Swim Club Dry-Land Workout
Hello Swimmers and Parents:
I miss all of your faces. Even though we can’t meet in the NECC pool, I wanted to provide swimmers (and family members) with some exercises that will help them stay in shape until we return.
The goal of any dryland program for swimmers is to become stronger and faster in the water with less effort.
Please feel free to modify the exercises to make them easier. If you don’t understand what an exercise is, feel free to look it up online. Focus on core stability and muscle engagement first. If it hurts, stop! Be consistent. Have fun!
Dynamic Warm-up/Stretch (ALWAYS BEFORE WORKING-OUT!)
- Arm Circles: Small Forward, Small Reverse, Medium Forward, Medium Reverse, Large Forward, Large Reverse.
- Swinging Arms: Target Triceps and open chest.

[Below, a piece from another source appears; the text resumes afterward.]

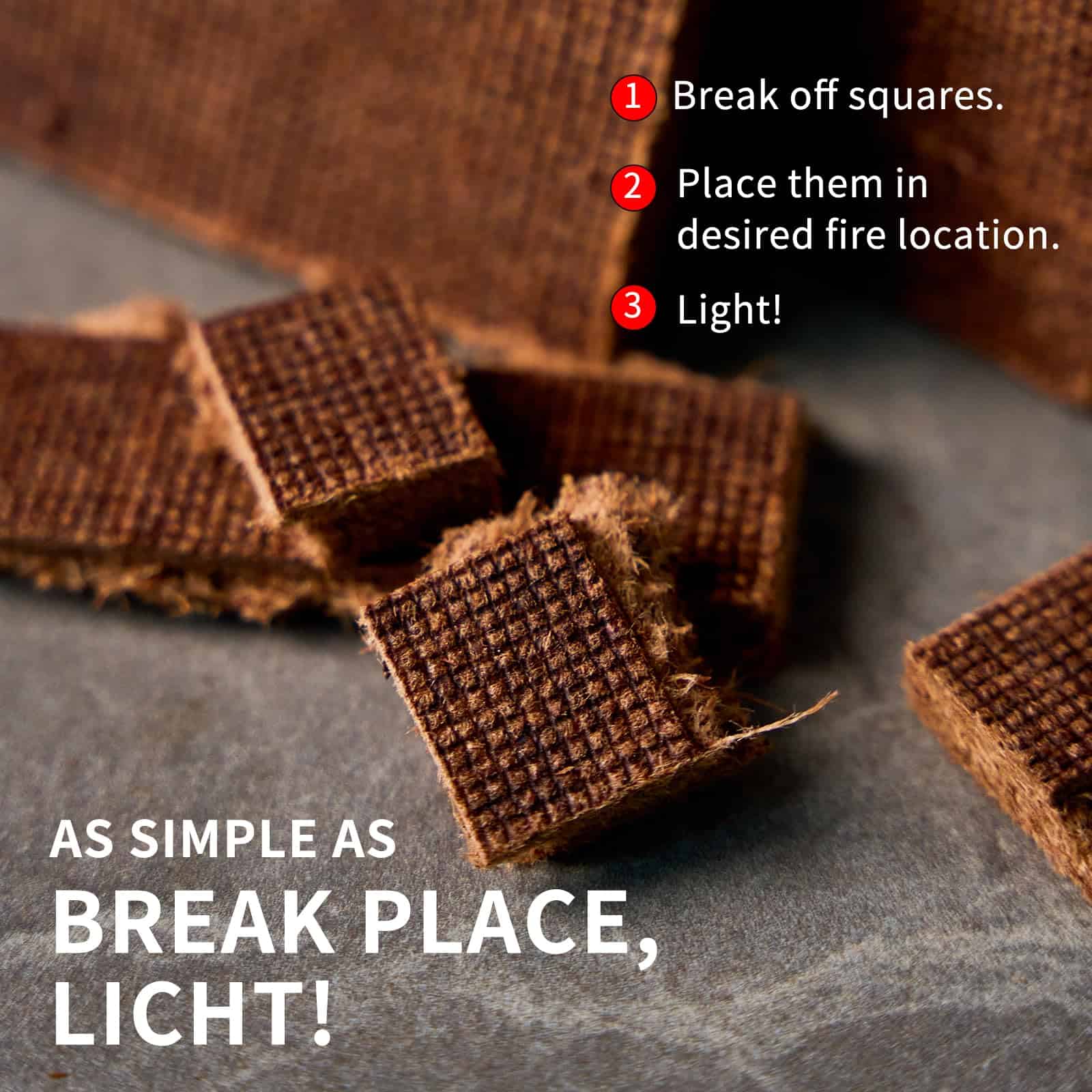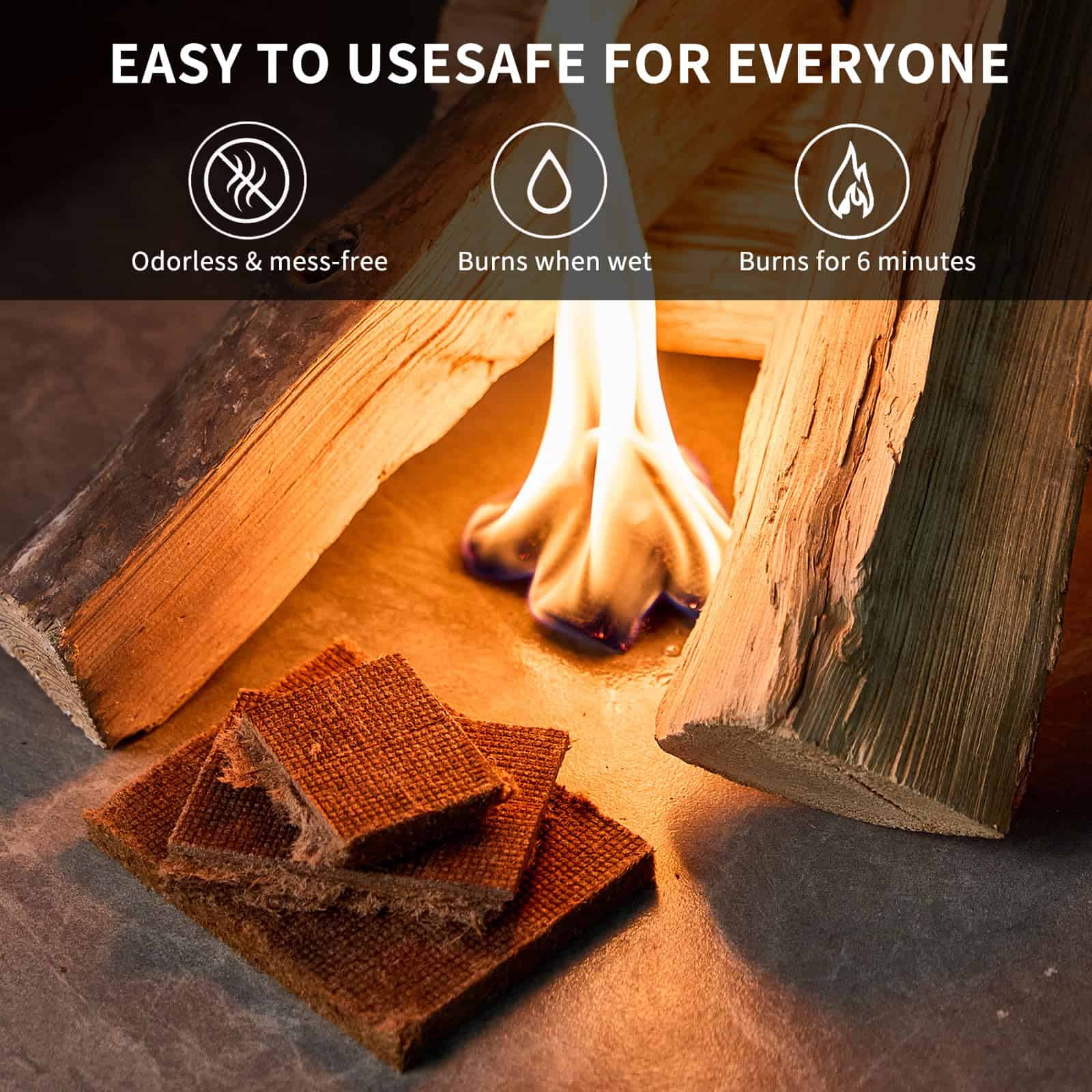 2. RENDIMIENTO DE INICIADOR DE FUEGO A PRUEBA DE AGUA – Los cubos de iniciador de fuego diseñados se encienden instantáneamente en la lluvia, nieve o viento. La solución de iniciador de fuego definitiva para chimeneas, parrillas de BBQ, estufas de leña y configuraciones de fogatas. Nunca más luches con troncos de iniciadores de fuego húmedos.

- Legs: Butt kicks & swinging legs – target hamstrings.
- Core: Plank, T-Rotation, alternating arm/leg raises.
Easier Workout (2x – 5x Rounds)
- 10x BURPEES
- 10x ALTERNATING JUMP LUNGE
- 10x LEG LIFTS
- 10x PLANK PROGRESSION
Perform this routine 2x – 5x with 30-60s rest between each round.

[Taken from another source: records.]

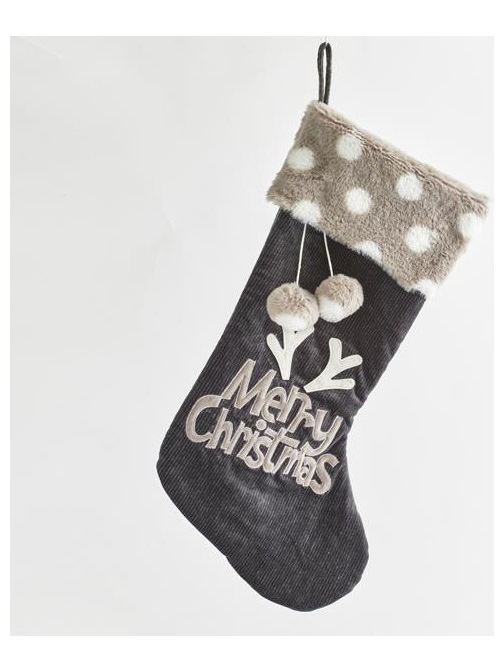 Καλτσα, Γκρι, Βελουδινη, με πον Πον, 28x5x55cm
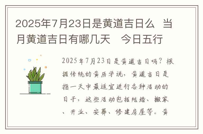 2025年7月23日是黄道吉日吗?根据传统的黄历学说,黄道吉日是指一天中最适宜进行各种活动的日子,这些活动包括结婚、搬家、开业、安葬、修建房屋等。黄道吉日和五行八字等因素密切相关,并且会根据具体年份、月份、日子的干支五行来推算。
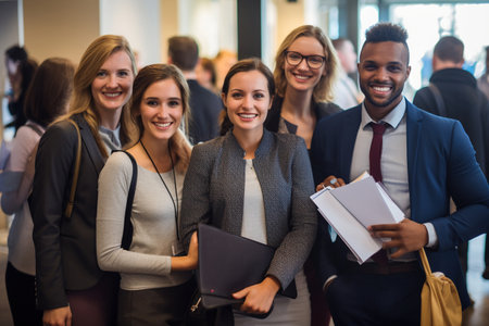A diverse group of women leaders, clad in professional attire, networking at a high-profile business conference, exchanging ideas and forging connections that transcend cultural boundaries, united in their pursuit of excellence.
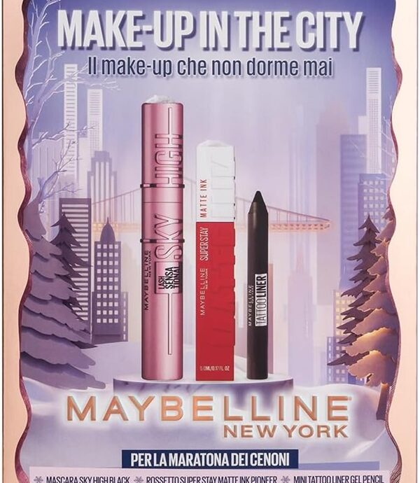 Racchiude tre prodotti base in una pochette, con tutto il necessario per creare un look completo per in ogni occasione. Il trio Maybelline comprende il mascara Sky High Black, la mini Tattoo Liner Gel Pencil, il rossetto SuperStay Matte Ink Pioneer. Ideali per cene e momenti in cui il make-up deve durare a lungo.
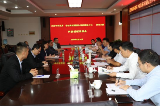 9月24日上午,开封市科技局副局长马玲芝、哈尔滨市国际技术转移服务中心副主任宋铁群等一行8人到我校调研。副校长焦爱萍与来访客人在行政楼第二会议室交流座谈,创新创业学院、科技处等部门相关人员参加座谈。双方就搭建技术转移转化平台,推进中俄国际科技合作,促进区域间创新创业联盟建设及科技成果落地转移等方面进行了深入交流。
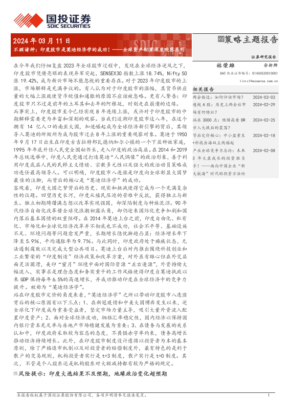 【国投证券】【20240311】不顾诸神:印度股市是莫迪经济学的成功!-31页
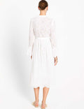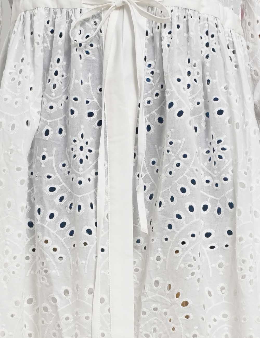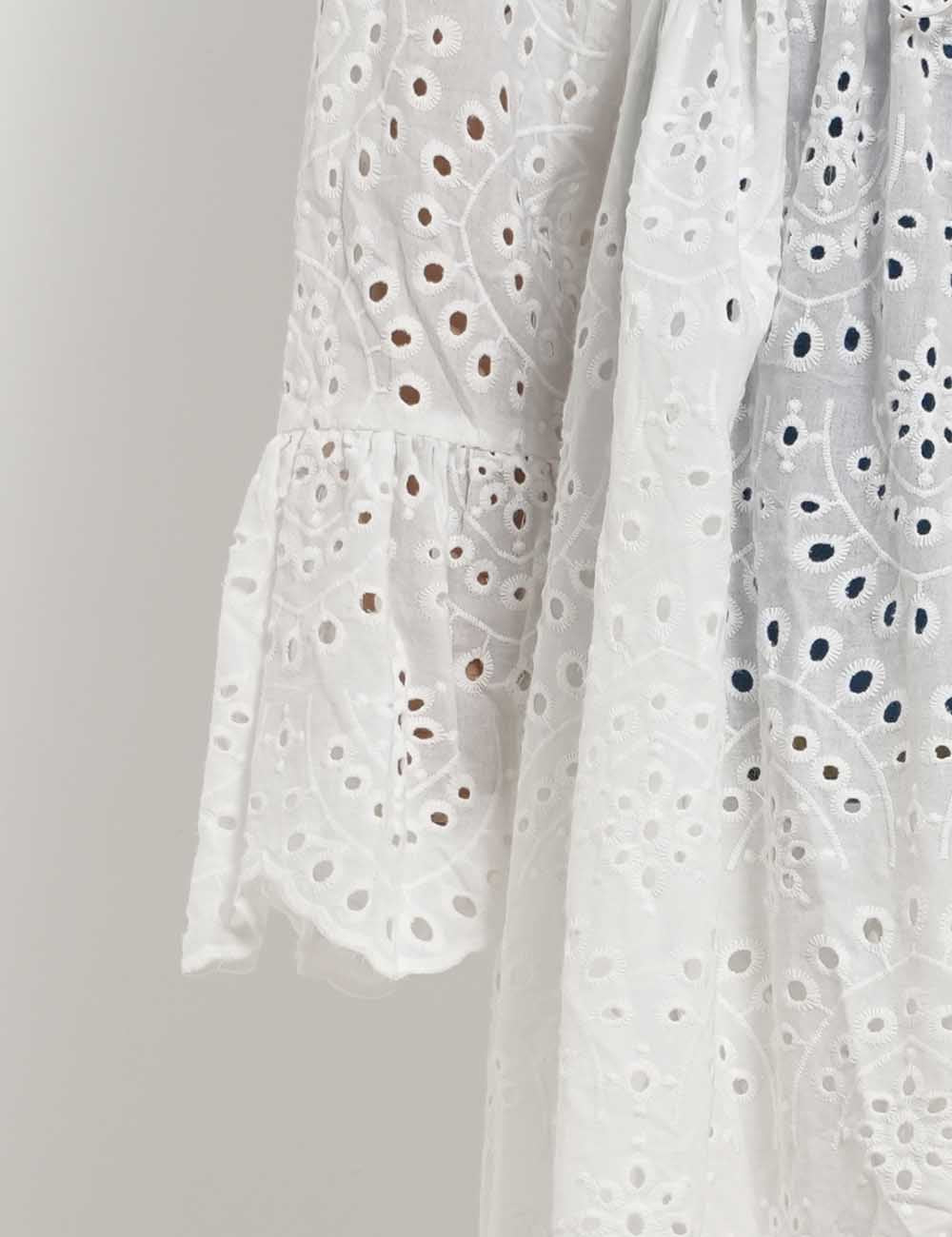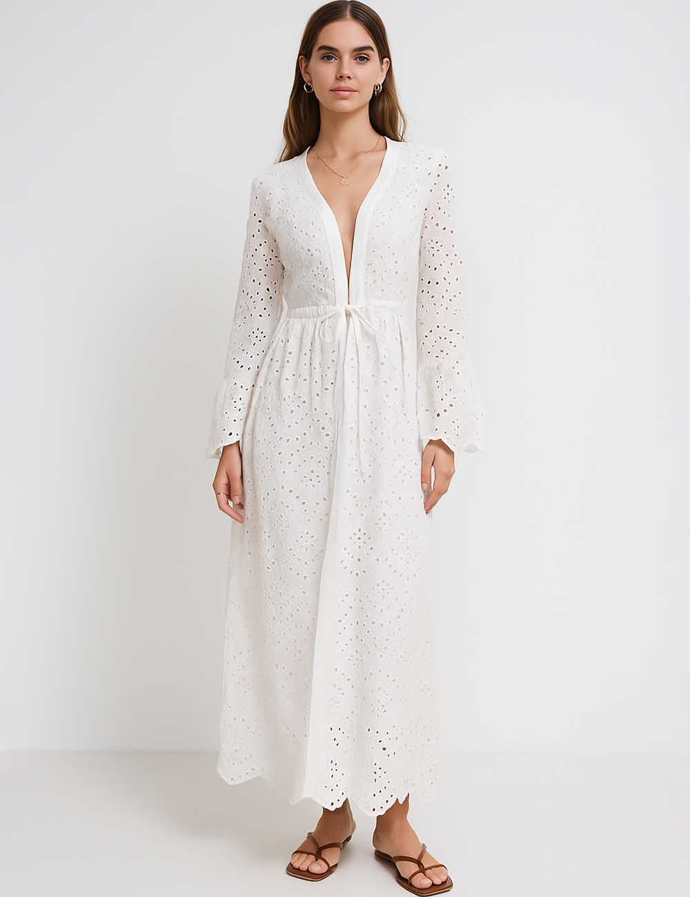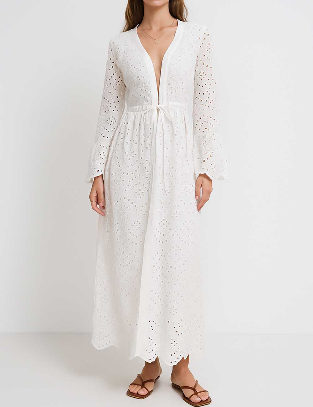 Ladies Embroidery Eyelet Tie Front Flared Sleeves Maxi Dress

Harder Workout (2x – 5x Rounds)
- 10x PUSHUPS: Regular, Wide or Diamond (if you want a challenge)
- 10x DONKEY KICKS
- 10x SIT TO STAND JUMPS
- 10x FLUTTER KICK LEG LIFTS
Perform this routine 5x with 30-60s rest between each round. This routine will be very taxing on your body in a short period of time so if you’re just getting started, it’s best to start with less repetitions or complete only 2-3 rounds rather than 5 rounds.
I hope this helps while we are all stuck in the house! Please be Safe and stay Healthy, and I hope to see you in the pool before too long…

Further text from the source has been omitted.